De los partidos que atacan a Unidos Podemos en sus mensajes de campaña, PP, PSOE y Ciudadanos, cada uno lo hace por una razón diferente, aun siendo todas electoralistas.

Por un lado, no es ninguna sorpresa el decir que al PP le interesa un Unidos Podemos fuerte, de ahí que, en vez de atacar al PSOE, esté centrando su campaña en ignorar a la formación de Pedro Sánchez y dirigir principalmente sus ataques hacia la formación de Pablo Iglesias, para así hacer parecer al líder de Unidos Podemos el principal rival de la campaña. Por otro lado, la antagonía política entre ambas formaciones

En cuanto al PSOE, podría haber sido de esperar que centraran su campaña en atacar a Mariano Rajoy e intentar situarse como la única alternativa. Sin embargo, están focalizando su campaña en atacar a Iglesias, dejando en segundo plano los ataques a Rajoy. Se podría pensar que es el preludio de una gran coalición, pero, sin embargo, la explicación es otra. El PSOE sabe que el “sorpasso” de Unidos Podemos es una posibilidad real hoy en día, con lo cual los socialistas están haciendo lo posible por retener a su electorado. Y éste es más próximo a Unidos Podemos que al Ciudadanos o el PP, con lo cual Pedro Sánchez tiene que atacar a Pablo Iglesias para hacerle saber a sus potenciales votantes que existe diferencias entre votar a uno u otro, para así conseguir que no se vayan a UP.
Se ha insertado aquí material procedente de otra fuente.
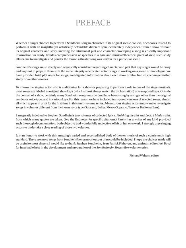 Chaque volume propose une liste de contenus différente et inclut des chansons dans les tonalités originales, ainsi que des transpositions appropriées. Une section introductive approfondie, présentant des résumés de l’intrigue et des commentaires de Sondheim sur sa musique et ses spectacles, est également incluse.

Y en cuanto a Ciudadanos, ay, Ciudadanos… El fantasma del voto útil les puede pasar factura. Su acuerdo con el PSOE tampoco ayuda. Han pasado en pocos meses de aspirar a pelear con los socialistas por la segunda plaza a saber que serán cuartos y tener la única incógnita de a que distancia quedarán de los socialistas y de la candidatura de Iglesias y cuantos diputados obtendrán. Sus ataques a Unidos Podemos son una mezcla de las razones que esgrimimos para explicar los del PP y los del PSOE. A nivel económico, Ciudadanos es un partido antagónico a la formación de Pablo Iglesias, con lo cual la estrategia se puede basar en criterios meramente ideológicos. Por otra parte, pese a presentarse como un partido de centro, el electorado de Ciudadanos proviene en su mayoría del PP, y es esta parte la que la formación naranja teme perder tras el pacto con Pedro Sánchez, y es a ellos a quien busca mantener con ese viraje hacia la derecha que parece haber emprendido el partido de Albert Rivera. No obstante, como en el caso de los socialistas, también intercalan en su discurso ataques a Mariano Rajoy y al PP para demostrar que, pese a que su principal enemigo es Unidos Podemos, tampoco quieren a este gobierno de la formación popular.

Y todo esto a Unidos Podemos le viene de perlas. Porque les permite enarbolar el discurso de la “gran coalición”, que, aunque esta no llegue a darse, les ayuda a movilizar a sus bases y a acercar aún más el posible “sorpasso” al PSOE.

Eso sí, lo que pase luego ya es otra historia. Pero de eso hablaremos a partir del 27 de Junio.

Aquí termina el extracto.